La idea de que una elección puede llegar a significar la señal externa que justifique la aniquilación política del adversario, la rendición incondicional. Esta similitud en varios aspectos entre la concepción política de unas elecciones norteamericanas especialmente polarizadas y la idea del rival es significativa, especialmente cuando se intenta imaginar el día después a la misma.

El hombre demonio-providencia.

Se ha depositado en la suerte política de Donald Trump enormes expectativas, sean estas positivas o negativas. Hasta ahora, era difícilmente sostenible que un hombre o un gobierno lograse cambiar drástica y mágicamente las tendencias de larga duración.
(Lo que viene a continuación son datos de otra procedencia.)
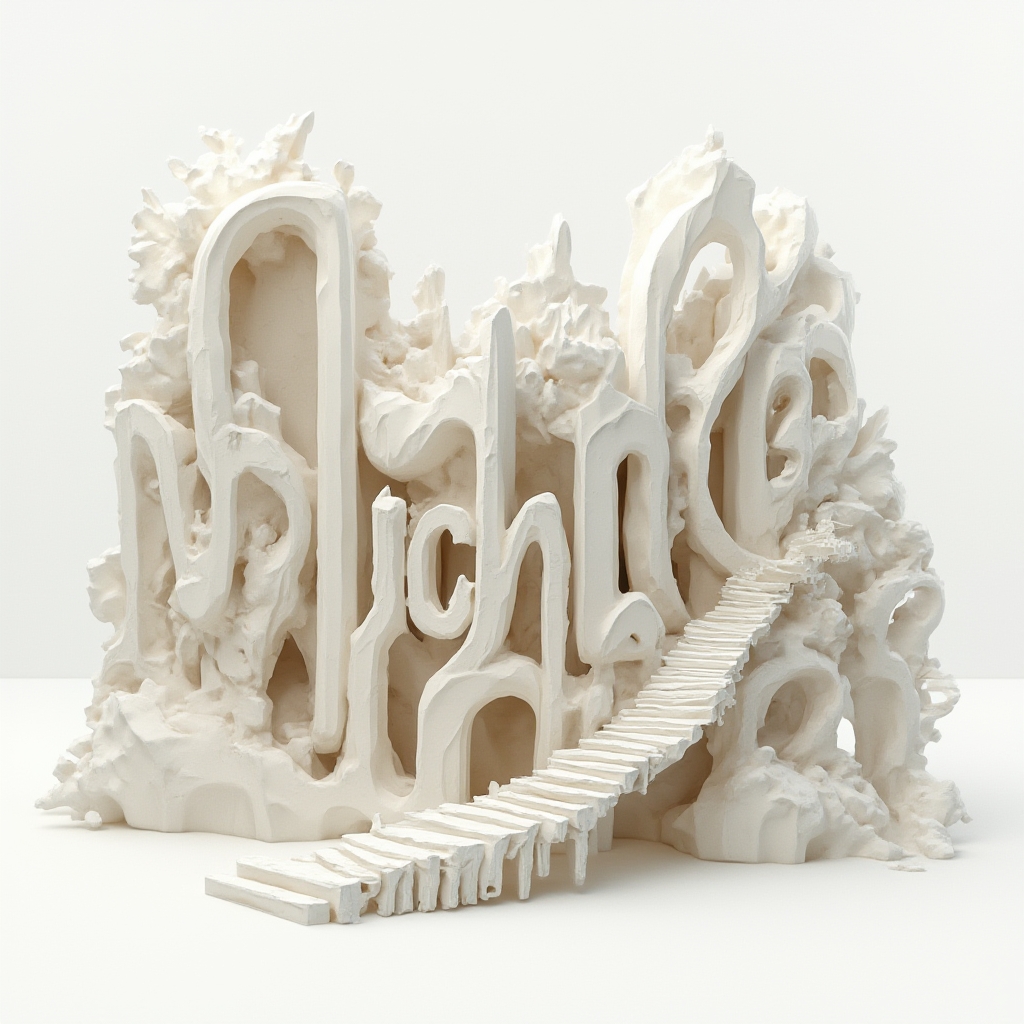 A surrealism-inspired tattoo concept where michele appears as dreamlike, impossible architectural letterforms floating in a white void.

Sea como sea, subyace la idea de la política como realidad mesiánica de cambio. Tiendo a creer que no existe un cambio radical que construya la política. Eso es lo que venden, en general, los políticos en campaña. En una perspectiva de larga duración, los cambios en el gobierno de los Estados Unidos suelen presentar procesos menos dramáticos -característica que en general se advierten en la mayor parte de los sistemas democráticos consolidados- pero, necesariamente, en esta elección hay factores fuertemente preocupantes, que incluso no se relacionan con la suerte futura de los partidos y candidatos en cuestión. La incidencia de los medios de comunicación progresistas globales y las redes sociales más populares, su escandalosa diferencia de criterios, su discurso orweliano, su manipulación, la idea de que existe una «verdad a verificar», su cancelación constante de la disidencia al discurso globalista del progresismo occidental, advierten sobre un futuro bastante oscuro para la libertad de expresión.

Los sectores que celebran esta arremetida censuradora, no advierten que estos mecanismos, mañana, los puede tener como victimas.